The justice of the peace is a sort of _mezzo termine_
between the magistrate and the man of the world, between the
civil officer and the judge. A justice of the peace is a
well-informed citizen, though he is not necessarily versed in the
knowledge of the laws. His office simply obliges him to execute
the police regulations of society; a task in which good sense and
integrity are of more avail than legal science. The justice
introduces into the administration a certain taste for
established forms and publicity, which renders him a most
unserviceable instrument of despotism; and, on the other hand, he
is not blinded by those superstitions which render legal officers
unfit members of a government. The Americans have adopted the
system of English justices of the peace, but they have deprived
it of that aristocratic character which is discernible in the
mother-country. The governor of Massachusetts[Footnote:
We shall hereafter learn what a governor is; I shall content
myself with remarking in this place, that he represents the
executive power of the whole state.
] appoints a certain number of justices of the peace in every
county, whose functions last seven years.[Footnote:
See the constitution of Massachusetts, chap, ii., Sec. 1; chap
iii., Sec. 3.
] He farther designates three individuals from among the whole
body of justices, who form in each county what is called the
court of sessions. The justices take a personal share in public
business; they are sometimes intrusted with administrative
functions in conjunction with elected officers;[Footnote: Thus,
for example, a stranger arrives in a township from a country
where a contagious disease prevails, and he falls ill. Two
justices of the peace can, with the assent of the selectmen,
order the sheriff of the county to remove and take care of him.
Act of 22d June, 1797; vol. i., p. 540.
In general the justices interfere in all the important acts of
the administration, and give them a semi-judicial character.
] they sometimes constitute a tribunal, before which the
magistrates summarily prosecute a refractory citizen or the
citizens inform against the abuses of the magistrate.
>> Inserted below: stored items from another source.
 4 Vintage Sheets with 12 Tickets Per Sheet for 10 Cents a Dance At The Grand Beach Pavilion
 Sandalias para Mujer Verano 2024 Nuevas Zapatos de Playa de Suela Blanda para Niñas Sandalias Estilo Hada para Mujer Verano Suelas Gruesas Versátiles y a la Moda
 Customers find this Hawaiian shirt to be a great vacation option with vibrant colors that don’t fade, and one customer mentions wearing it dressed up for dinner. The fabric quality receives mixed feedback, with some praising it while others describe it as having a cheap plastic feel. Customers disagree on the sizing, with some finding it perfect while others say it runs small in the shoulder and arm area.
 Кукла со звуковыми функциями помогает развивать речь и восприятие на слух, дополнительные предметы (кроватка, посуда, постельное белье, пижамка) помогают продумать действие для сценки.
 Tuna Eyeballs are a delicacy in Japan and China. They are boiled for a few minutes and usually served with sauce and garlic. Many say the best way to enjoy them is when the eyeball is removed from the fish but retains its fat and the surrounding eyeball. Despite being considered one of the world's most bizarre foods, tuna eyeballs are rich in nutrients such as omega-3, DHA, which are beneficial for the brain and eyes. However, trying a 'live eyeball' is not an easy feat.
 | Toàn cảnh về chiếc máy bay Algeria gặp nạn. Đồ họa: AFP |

But it is
in the court of sessions that they exercise their most important
functions. This court meets twice a year in the county town; in
Massachusetts it is empowered to enforce the obedience of the
greater number[Footnote:
I say _the greater number_ because certain administrative
misdemeanors are brought before the ordinary tribunals. If, for
instance, a township refuses to make the necessary expenditure
for its schools, or to name a school-committee, it is liable to a
heavy fine. But this penalty is pronounced by the supreme
judicial court or the court of common pleas. See the act of 10th
March, 1827; laws of Massachusetts, vol. iii., p. 190. Or when a
township neglects to provide the necessary war-stores. Act of
21st February, 1822; _Id._ vol. ii., p. 570.
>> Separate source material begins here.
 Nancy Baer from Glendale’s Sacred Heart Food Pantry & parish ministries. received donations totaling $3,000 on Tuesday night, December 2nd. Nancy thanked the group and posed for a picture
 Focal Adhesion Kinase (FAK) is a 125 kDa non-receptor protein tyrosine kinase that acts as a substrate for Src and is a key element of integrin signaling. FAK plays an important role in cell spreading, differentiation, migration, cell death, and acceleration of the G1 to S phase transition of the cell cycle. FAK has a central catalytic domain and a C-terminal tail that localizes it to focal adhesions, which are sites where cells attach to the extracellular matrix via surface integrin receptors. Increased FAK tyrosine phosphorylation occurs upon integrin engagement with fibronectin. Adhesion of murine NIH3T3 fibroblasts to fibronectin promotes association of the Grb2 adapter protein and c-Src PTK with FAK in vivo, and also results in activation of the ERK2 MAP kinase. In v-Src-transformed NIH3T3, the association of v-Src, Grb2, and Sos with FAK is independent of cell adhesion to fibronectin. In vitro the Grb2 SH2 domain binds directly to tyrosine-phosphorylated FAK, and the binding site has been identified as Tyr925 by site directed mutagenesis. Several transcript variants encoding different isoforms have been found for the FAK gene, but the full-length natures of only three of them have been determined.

] of public officers.[Footnote:
In their individual capacity, the justices of the peace take a
part in the business of the counties and townships. The more
important acts of the municipal government are rarely decided
upon without the co-operation of one of their body.
] It must be observed that in the state of Massachusetts the
court of sessions is at the same time an administrative body,
properly so called, and a political tribunal. It has been
asserted that the county is a purely administrative division.
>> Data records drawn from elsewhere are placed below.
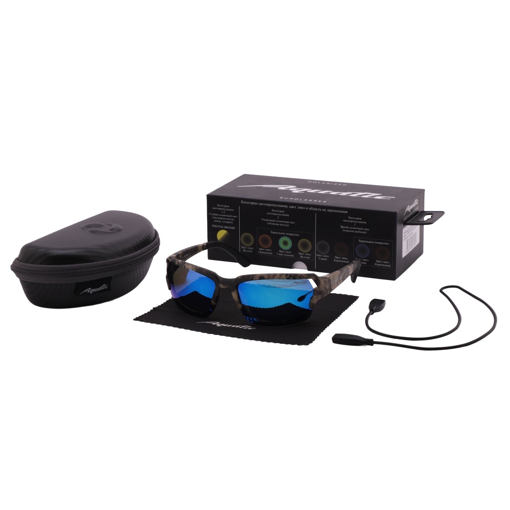 Серый цвет линз не искажают цветовую гамму, не утомляют глаза. Категория защиты глаз UV400- линзы способны блокировать ультрафиолетовые лучи длиной до 400 нм, предотвращая пагубное воздействие солнечного излучения на глаза. Очки AQUATIC поглощают 100% ультрафиолетового излучения. Синее зеркальное напыление линз Blue Mirror позволит вам выглядеть стильно.
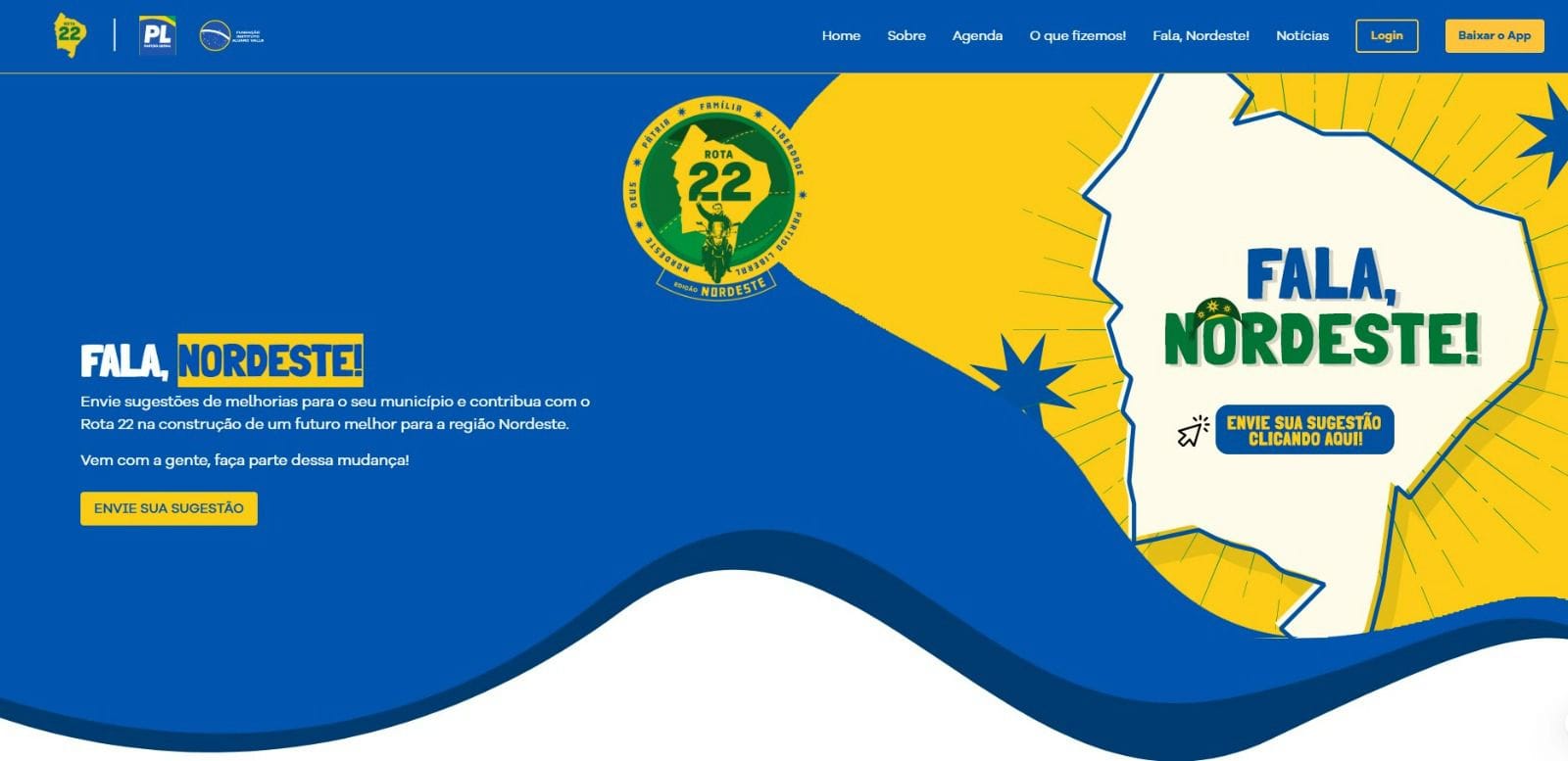 O Projeto Rota 22, uma iniciativa do PL em parceria com o Instituto Álvaro Valle, está tomando forma com o objetivo de renovar e fortalecer a relação entre a legenda e a população em todo o país. O primeiro passo da iniciativa está sendo no Rio Grande do Norte. Neste final de semana, inclusive, foi lançado o portal plrota22.com.br, com canais de contato para as sugestões e opiniões da população por meio do “Fala, Nordeste”, agenda de oficinas e seminários.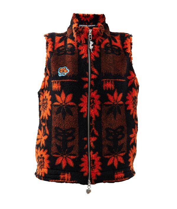 London’s Chopova Lowena brings bright blooms into the drearier months of the year with a vest crafted from a sunflower-print fleece.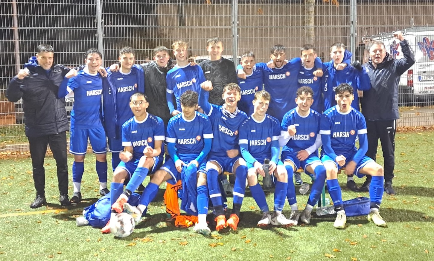 Das Trainerteam Giampiero Campo/ Michel Lubinsky hat mit dem C2 – Team, welches ausschließlich aus Jungs des jüngeren C-Jugendjahrgangs besteht, den Übergang zum Großfeld und zum 11 gegen 11 bestens gemeistert. In ihrer Qualifikationsrunde belegen sie den ersten Platz und haben sich dadurch ebenso als eine von sechs Mannschaften für die Meisterschaftsrunde um den Kreismeistertitel im Frühjahr qualifiziert.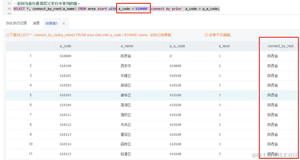 SELECT *, connect_by_root(a_name) FROM area start with a_code ='610000' connect by prior a_code = p_a_code;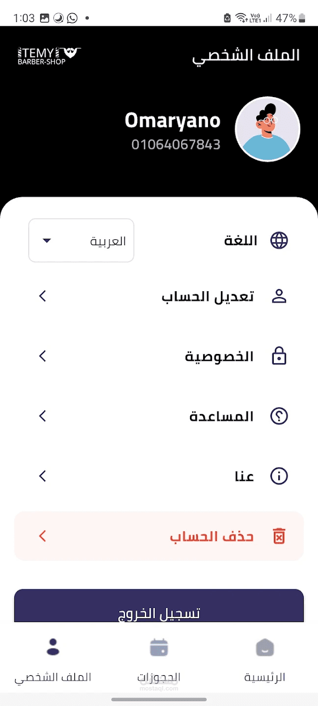 تطبيق موبايل متكامل مخصص لمحلات الحلاقة (Barbershops) يسهّل عملية الحجز وإدارة المواعيد بشكل احترافي وسلس.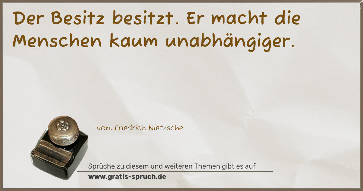 Der Besitz besitzt. Er macht die Menschen kaum unabhängiger.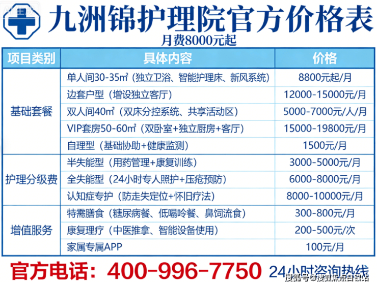 ①基础套餐:按房型收取,含单人间(30㎡,8800元/月起)、双人间(40㎡,12000元/月起)、VIP套房(50㎡,19800元/月),均配独立卫浴、智能护理床、新风系统,观景阳台尽享阳光。
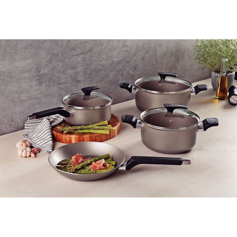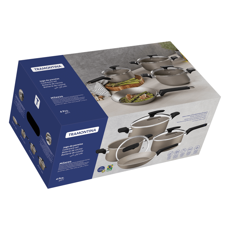 La batería de cocina Tramontina Milazzo en aluminio con revestimiento interno y externo en antiadherente Starflon Max almendra de 4 piezas es la elección ideal para equipar su cocina con estilo y eficiencia. Fabricadas en aluminio con revestimiento antiadherente de Starflon Max, aseguran durabilidad y facilidad en la limpieza, evitando que los alimentos se peguen. Los mangos y asas de baquelita antitérmica con acabado softtouch brindan confort y seguridad durante el uso. Incluye tapas de vidrio templado con salida de vapor y bordes de acero inoxidable, que permiten visualizar la preparación de los alimentos sin perder calor. Se pueden utilizar en cocinas a gas, eléctricas y vitrocerámicas, lo que ofrece una gran versatilidad. Transforme sus experiencias culinarias con la calidad y la innovación de Tramontina!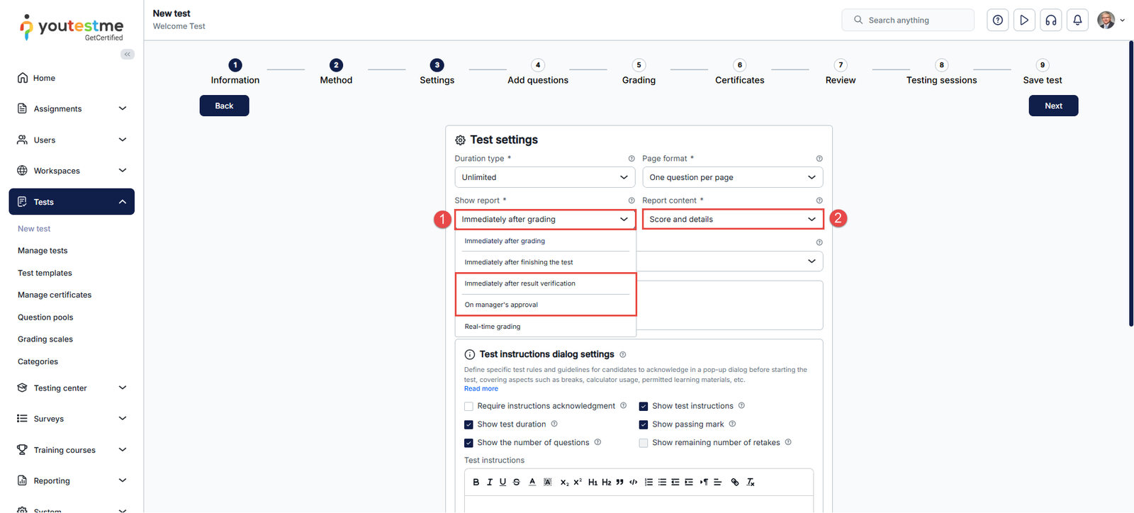 At YouTestMe, you can control when test-takers see their results, what information is shown, and how long it’s available.

The court of sessions presides over that small number of affairs
which, as they concern several townships, or all the townships of
the county in common, cannot be intrusted to any of them in
particular.[Footnote:
These affairs may be brought under the following heads: 1. The
erection of prisons and courts of justice. 2. The county budget,
which is afterward voted by the state. 3. The assessment of the
taxes so voted. 4. Grants of certain patents. 5. The laying
down and repairs of the county roads.
] In all that concerns county business, the duties of the court
of sessions are therefore purely administrative; and if in its
investigations it occasionally borrows the forms of judicial
procedure, it is only with a view to its own information,
[Footnote:
Thus, when a road is under consideration, almost all difficulties
are disposed of by the aid of the jury.
] or as a guarantee to the community over which it presides. But
when the administration of the township is brought before it, it
almost always acts as a judicial body, and in some few cases as
an administrative assembly.
The first difficulty is to procure the obedience of an authority
so entirely independent of the general laws of the state as the
township is. We have stated that assessors are annually named by
the town meetings, to levy the taxes. If a township attempts to
evade the payment of the taxes by neglecting to name its
assessors, the court of sessions condemns it to a heavy
penalty.[Footnote:
See the act of the 20th February, 1786; laws of Massachusetts,
vol. i., p. 217.
] The fine is levied on each of the inhabitants; and the sheriff
of the county, who is an officer of justice, executes the
mandate. Thus it is that in the United States the authority of
the government is mysteriously concealed under the forms of a
judicial sentence; and the influence is at the same time
fortified by that irresistible power with which men have invested
the formalities of law.
These proceedings are easy to follow, and to understand. The
demands made upon a township are in general plain and accurately
defined; they consist in a simple fact without any complication,
or in a principle without its application in detail.[Footnote:
There is an indirect method of enforcing the obedience of a
township. Suppose that the funds which the law demands for the
maintenance of the roads have not been voted; the town-surveyor
is then authorized, _ex-officio_, to levy the supplies. As
he is personally responsible to private individuals for the state
of the roads, and indictable before the court of sessions, he is
sure to employ the extraordinary right which the law gives him
against the township. Thus by threatening the officer, the court
of sessions exacts compliance from the town. See the act of 5th
March, 1787; laws of Massachusetts, vol. i., p. 305.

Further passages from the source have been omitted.